Стюардесса выдала им по подносу с аэрофлотским завтраком. Соседка деловито развернула аккуратный кирпичик, намазала разломленный пополам рогалик маслом, и ткнула рогаликом в Наташин скомканный журнал – латинские буквы Cosmo торчали наружу из кармана на спинке кресла.
– Зря ты, детка, это читаешь.
– Так, взяла в дорогу… посмотреть, – словно оправдываясь, сказала
Наташа. Ага, ее сейчас будут воспитывать.
– Им кажется, что они вступаются за достоинство женщин. На самом деле приличную женщину вся эта галиматья только унижает. Ведь так? -
Сольвейг О’Хара разинула пасть – у нее во рту мелькнула сбоку внизу пара золотых коронок – и разом проглотила половину рогалика.
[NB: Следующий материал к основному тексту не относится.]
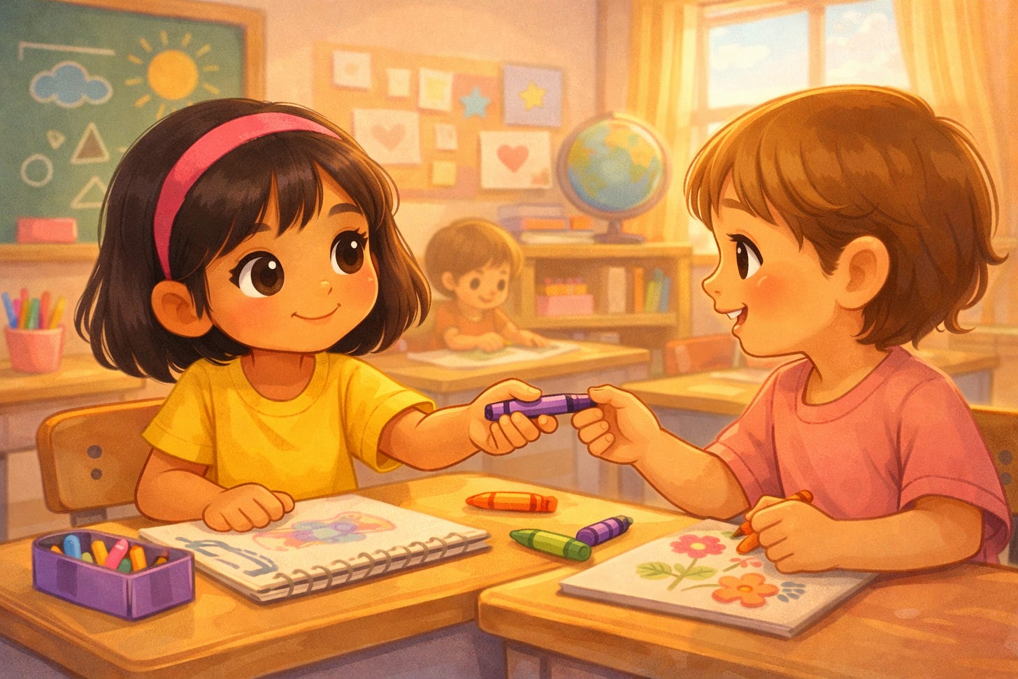 Mimi opened her crayon box and paused. Her favorite purple crayon was missing. She looked around and saw Arya using it.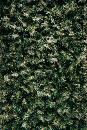 Fir branches texture pattern. Green background of pine branches. Christmas neutral background. Christmas tree branches with needles.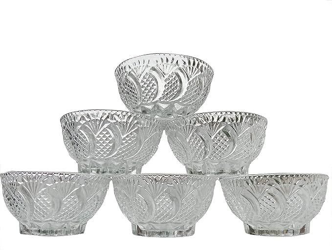 Elevate your dining experience with this Glass Bowl Set of 6, designed in a charming Royal Flower pattern. Each 120 ML transparent crystal bowl offers exceptional clarity, making your table setting look elegant and refined. Crafted from premium-quality glass, these katori bowls are perfect for serving desserts, chutneys, salads, dips, snacks, and daily meals. Their durable build ensures long-lasting use, while the smooth finish adds a touch of sophistication to every occasion. Whether for home dining, festive serving, or gifting, this premium glassware set brings beauty, functionality, and style to your kitchen collection.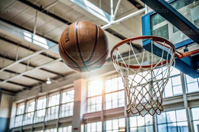 Баскетбол летит в кольцо на баскетбольной площадке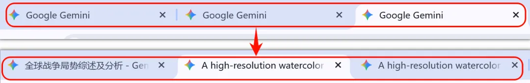 同时开好几个对话,浏览器标签上全叫「Google Gemini」。想切换到特定的那个?只能一个个点开看。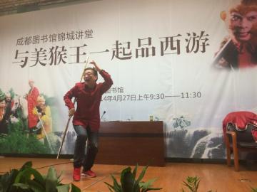 “敢问路在何方?路在脚下……”27日上午,著名表演艺术家、82版电视剧《西游记》孙悟空的扮演者六小龄童,来到成都图书馆展开了一场公开演讲。在两个小时的演讲中,六小龄童完全脱稿,他笑称:“我跟孙悟空思维一样,天马行空,想到哪里说到哪里。”六小龄童既“讲”又“演”,在畅聊西游文化之余,还现场表演了美猴王的一些经典表情和动作,甚至大耍“金箍棒”,赢得满堂喝彩。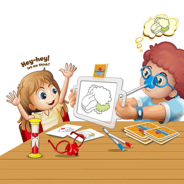 Add laughter to family time with the hilarious Nose Drawing Game! Players wear a funny glasses-and-nose set with a marker attached, then try to draw pictures while others guess. It’s a fun and interactive game that boosts creativity and guarantees endless giggles for kids and adults alike.
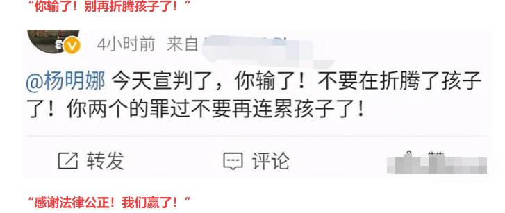 他对杨明娜进行了无休止的诽谤,诬陷她有外遇,甚至是同性恋。他还大言不惭地说法院都支持他,才给他孩子的抚养权。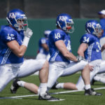 From left, Kansas university linebackers Justin Springer (45), Drew Dudley (49) and Huldon Tharp (34) stretch out during the beginning of a spring practice on April 5 at the KU practice fields. Expectations have risen with fall practice starting just four weeks before KU's season opener.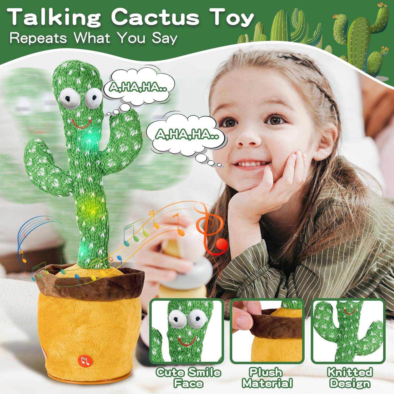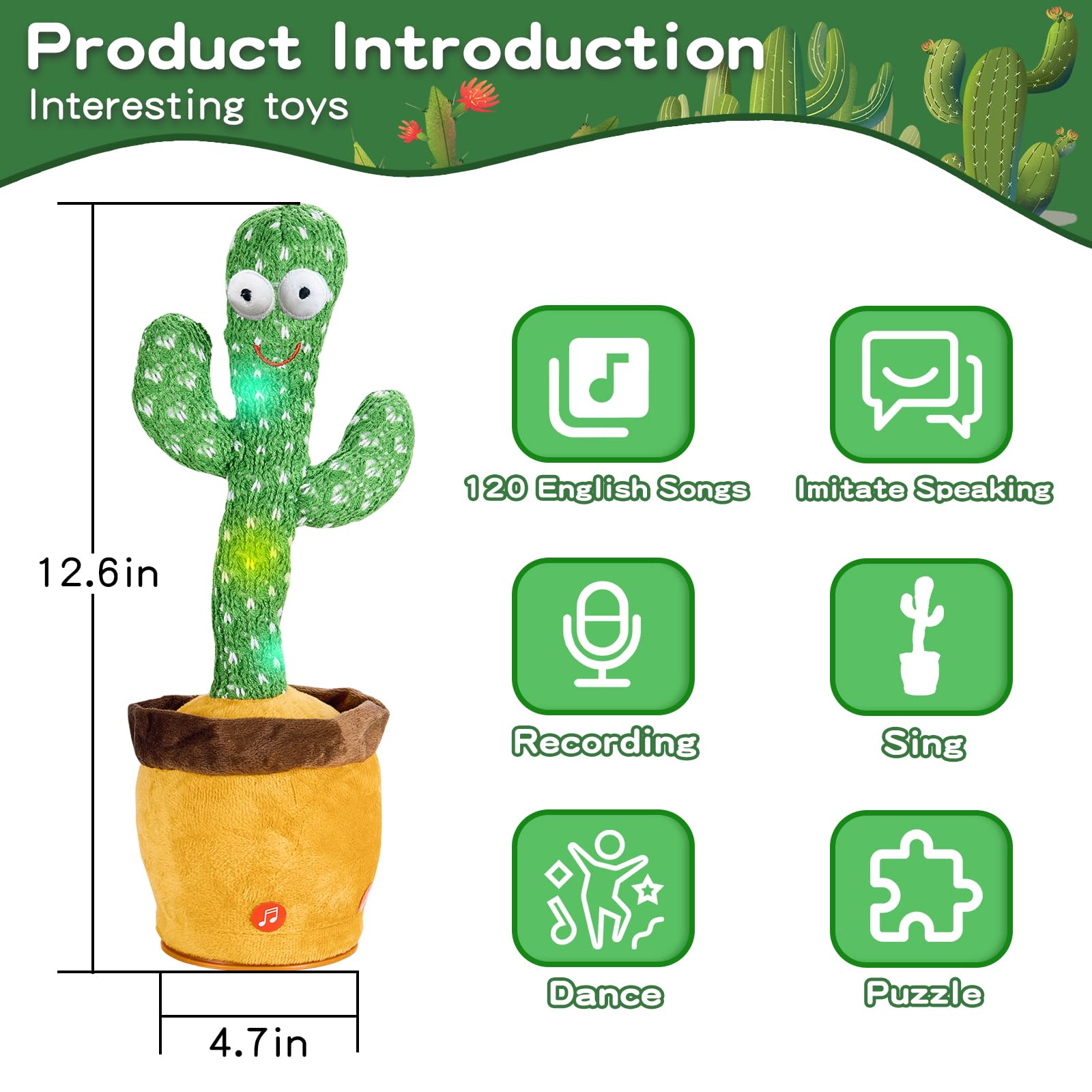 - Q: What unique features does the cactus toy have? A: The JAKCJFII Dancing Talking Cactus Toy features 120 English songs, the ability to record and mimic speech, and emits colorful LED lights while dancing or singing. These features not only entertain children but also create a joyful atmosphere in any room.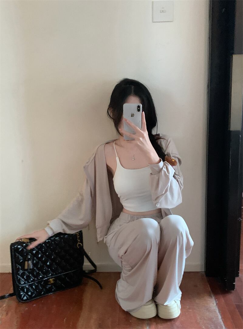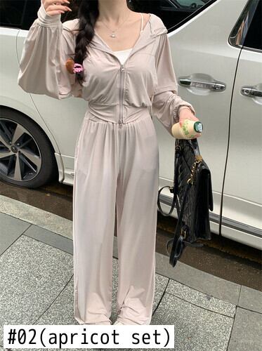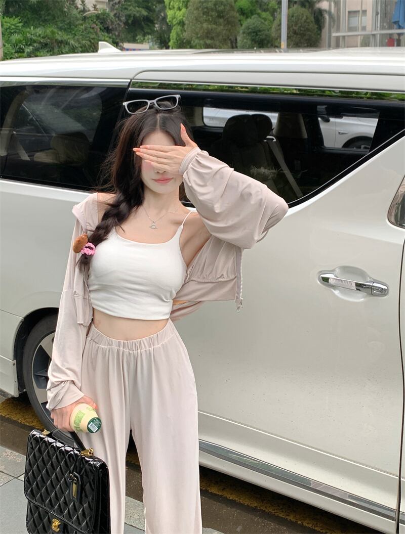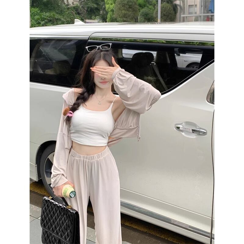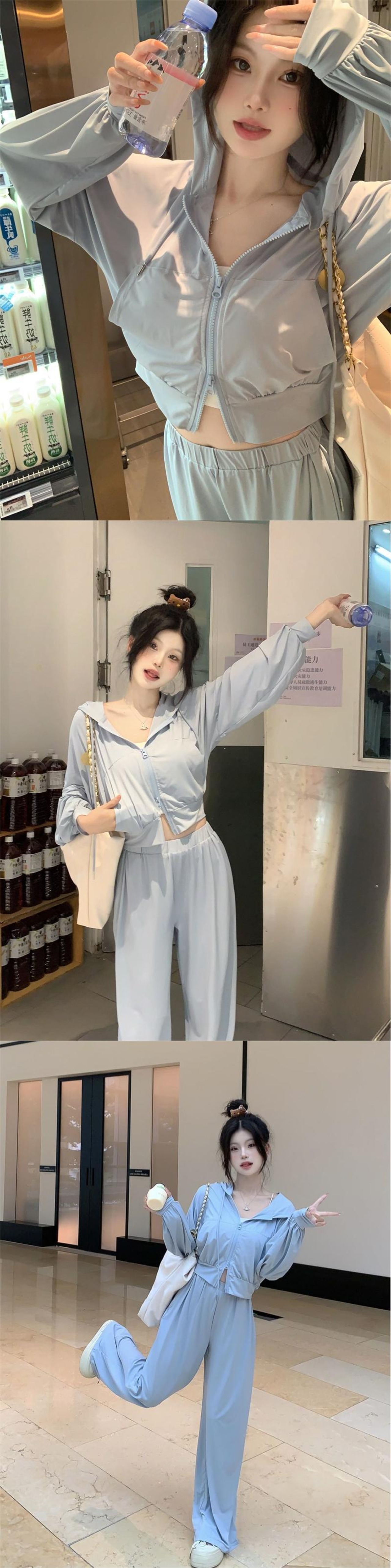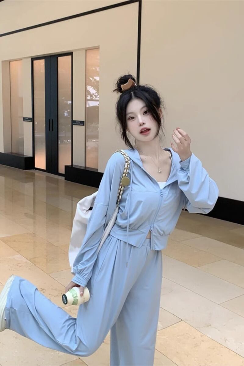 スイートホットガールスーツサマーパーカー薄い長袖トップスリムフィットロングパンツツーピースセット服 大人ガーリー スウィート キュート カジュアル 夏物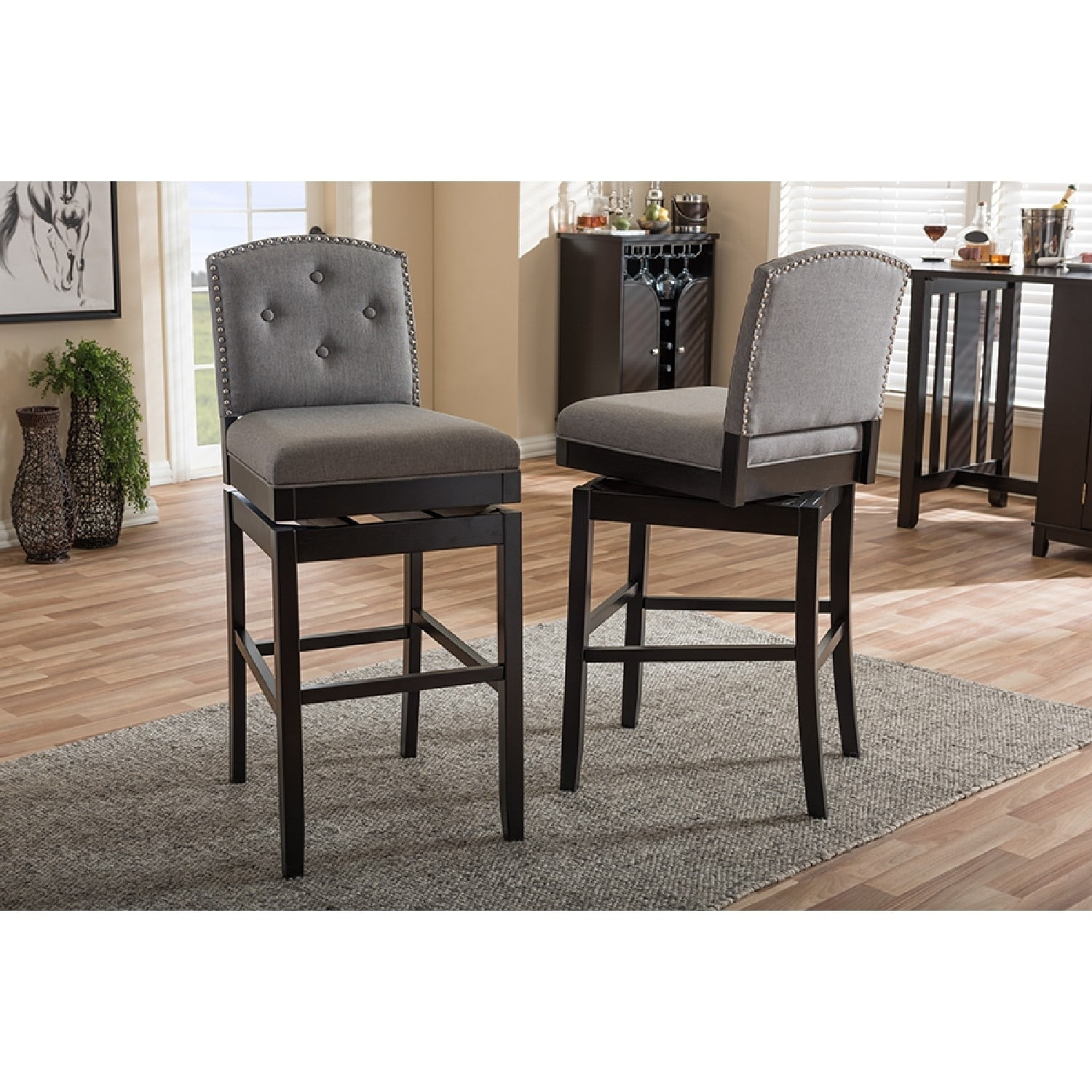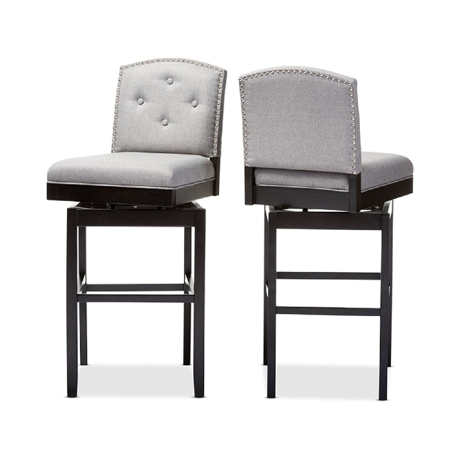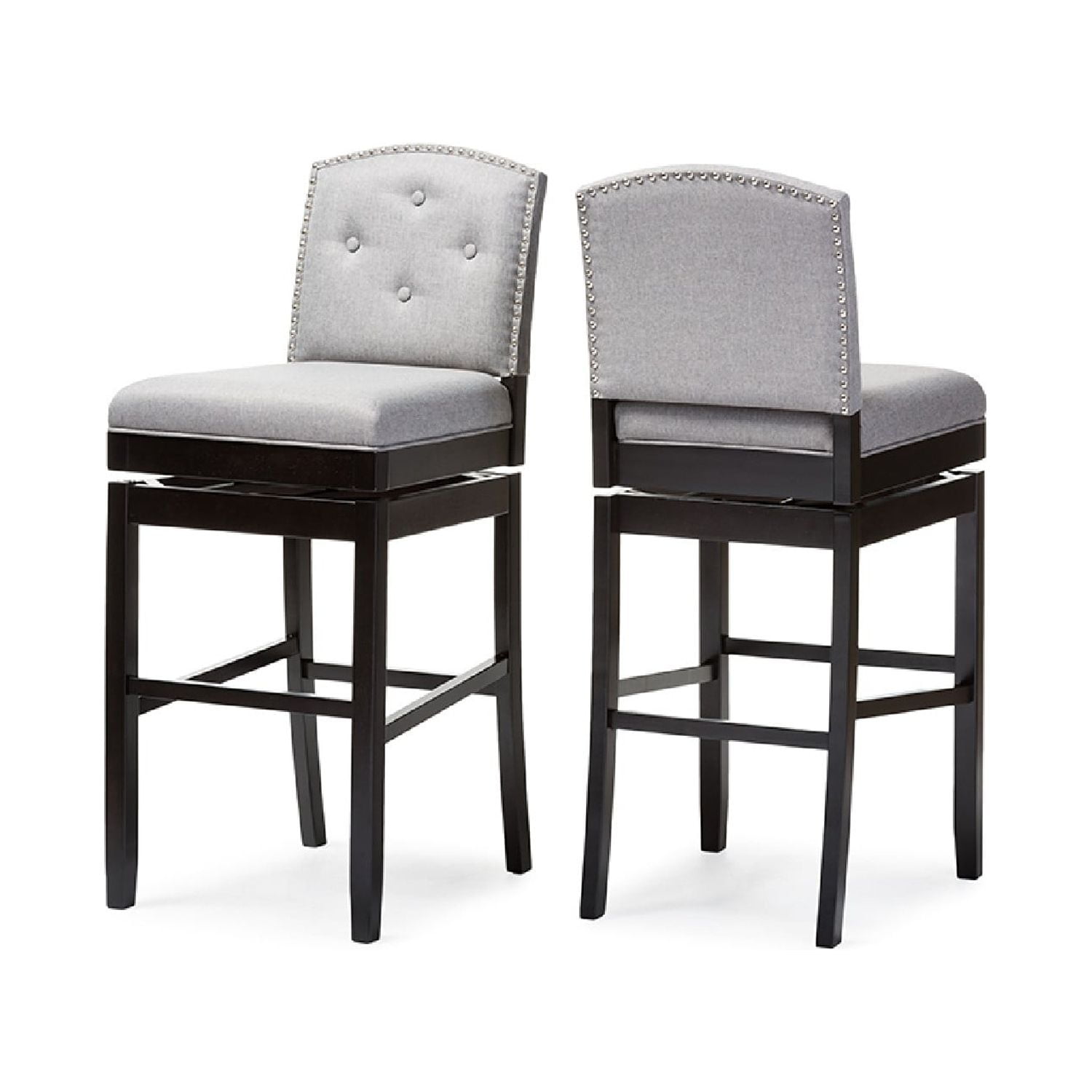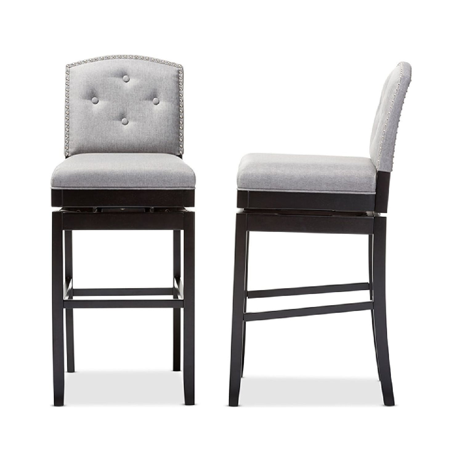 Baxton Studio Ginaro Modern and Contemporary Grey Fabric Button-tufted Upholstered Swivel Bar Stool (Set of 2) The Ginaro Bar Stool is an ideal choice for any modern bar or pub – providing a comfortable seat at a height! An elegant and sophisticated bar stool with button-tufting design, the Ginaro features curved back with silver nail heads trim on the seat back for a contemporary look. The detailed piping around the seat cushion showcases the clean lines while the tapered legs enhanced with wooden stretchers for durability. Fully upholstered in grey polyester fabric with comfortable foam padding, the Ginaro would fit extremely well in a home bar or restaurant bar environment. A swivel plate connects the base and the seat for easy maneuverability. Made in Malaysia, the bar stool requires assembly. Specifications: Modern and contemporary bar stool Fully upholstered back and seat Tapered legs with stretcher support Upholstered in grey fabric and padded with foam Metal swivel plate for easy maneuverability Upholstered in grey fabric and padded with foam

– Пожалуй, – неуверенно согласилась Наташа.
– И как ты думаешь, сколько мне лет? – спросила соседка без всякой видимой связи с предыдущим разговором и подступаясь к прессованной ветчине.
– Думаю, около пятидесяти, – аккуратно сказала Наташа, хоть и понимала – как минимум под шестьдесят.
– На следующей неделе исполнится семьдесят. И ты мне годишься в дочери, верно?
– Мне будет сорок пять.
– Вот об этом я и говорю! – удовлетворенно сказала Сольвейг О’Хара и подставила стюардессе, которая разливала аэрофлотский кофе из пластмассового электрического чайника, свою чашку. – Этот, – она как-то неопределенно взмахнула кистью в красивом чеканном серебре
(это было одно изделие, браслет на запястье и четыре кольца, на идущих от браслета мелких тонких цепочках), показала куда-то по курсу, – этот у меня пятый. На двадцать лет моложе. Старше уже никак нельзя: старичок, как справит нужду, так утыкается в телевизор. И это еще хорошо, если хоть что-то может… – И Наташа с грустью призналась себе, что приблизительно таким манером и протекает ее супружеская жизнь: краткая любовь, вечный телевизор. – А у тебя есть муж? – спросила старуха.
Наташа очнулась и кивнула.
– Который?
Наташа не поняла.
– Который по счету?
– Второй. То есть третий.
Сольвейг добродушно рассмеялась.
– Что говорить, их бывает и не сосчитать. – И проглотила остаток рогалика. Она все больше нравилась Наташе: инвалидность, старость, а какое самообладание, какая сила от нее исходит… – Но отчего мы завтракаем всухомятку… Эй, сеньорита! – крикнула она стюардессе.
– Да, сеньора?
– Когда закончите со всем этим, – несколько брезгливо Сольвейг обвела толстым пальцем с ярким, как сама, маникюром передвижной столик стюардессы, – принесите нам текилы.
– Какой, сеньора?
– Белой, только белой! И лайма, конечно. Ну да вы без меня знаете.
– Си, сеньора.
Наташа наблюдала всю эту сцену во все глаза. Попробуй она выкинуть что-нибудь в этом роде, как далеко, интересно, ее бы послали.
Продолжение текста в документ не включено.